После долгого обсуждения русский министр и французский посол лишь укрепились в своих идеях. Только встреча двух государей могла положить конец разногласиям. Было решено направить Наполеону оба плана с просьбой прислать свои мнения и предложение о встрече. Для такой встречи предполагалось выбрать место, весьма близкое к Франции, например, Эрфурт. Но писать подобные вещи дорого стоило даже тем, кто дерзал о них говорить. Коленкур, осознавая их химеричность, предпочел предоставить заботу письменного изложения Румянцеву. Тот согласился взяться за эту задачу и составил записку, черновик которой был полностью написан его рукой и которую Коленкур должен был передать непосредственно Наполеону. Тем не менее, решившись написать, он не решился ее подписать. Для придания ей аутентичности, император Александр объявил Коленкуру в беседе, что записка полностью им одобрена и должна быть принята, хоть и без подписи, как подлинное выражение мысли русского двора.
Однако мало было обсудить при встрече планы раздела Турецкой империи.
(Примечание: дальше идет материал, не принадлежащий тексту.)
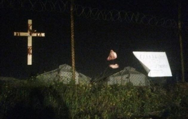 Οι δράστες εκτός από τη γουρουνοκεφαλή κρέμασαν και έναν σταυρό, πότισαν τη γη με αίμα γουρουνιού και ανάρτησαν και ένα χαρτόνι που έγραφε «Η Ελλάδα έχει ιδιοκτήτη την υπέρμαχο στρατηγό, την προστάτιδα του γένους των Ελλήνων».

Наполеон полагал, что для удовлетворения русских требуется что-то более существенное, что-то, что потребовало бы наименьших жертв от него, но глубоко затронуло их, а именно покорение Финляндии. Он приказал Коленкуру настоятельно потребовать начала экспедиции против Швеции – по причине, о которой мы только что сказали, а также потому, что желал бесповоротно вовлечь Россию в свою систему. Вступив в войну со шведами, она не смогла бы не вступить в войну и с англичанами, перейдя от простого объявления войны к действительным военным действиям. Русские, казалось, не торопились выступать, но, непрестанно побуждаемые Коленкуром, в конце концов вошли в Финляндию в феврале, в то самое время, когда обсуждался план раздела, о котором мы рассказали.
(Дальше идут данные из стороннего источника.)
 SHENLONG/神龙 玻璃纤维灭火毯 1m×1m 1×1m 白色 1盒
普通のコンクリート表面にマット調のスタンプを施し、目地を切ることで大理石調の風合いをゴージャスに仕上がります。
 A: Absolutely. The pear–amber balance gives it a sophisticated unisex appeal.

Несмотря на все усилия, Александр не смог собрать на границе Финляндии более 25 тысяч человек. Командование ими он доверил генерал Буксгевдену, тому самому, который выказал свою некомпетентность в Аустерлице и еще более разительным образом – в войне со Швецией. Ему дали превосходные войска и хороших помощников, а именно героического и неутомимого Багратиона, который по окончании одной войны захотел поучаствовать в другой. Наполеон торопил их начать зимой, в морозы, дабы они могли без труда пересекать по льду озера, которыми усеяна Финляндия. Этот край защищал доблестный шведский офицер генерал Клингспорр, с 15 тысячами человек крепких регулярных войск и 4–5 тысячами ополченцев. Если бы шведское правительство, проявив больше внимания к полученным предупреждениям, приняло меры предосторожности и направило туда все свои силы, оно смогло бы с преимуществом побороться за эту ценную провинцию. Но Швеция оставила там слишком мало войск, и притом войск слишком неподготовленных, чтобы они могли оказать действенное сопротивление. Русские, в свою очередь, атаковали в соответствии с весьма дурно задуманным планом, который свидетельствовал о глубочайшей некомпетентности их главнокомандующего.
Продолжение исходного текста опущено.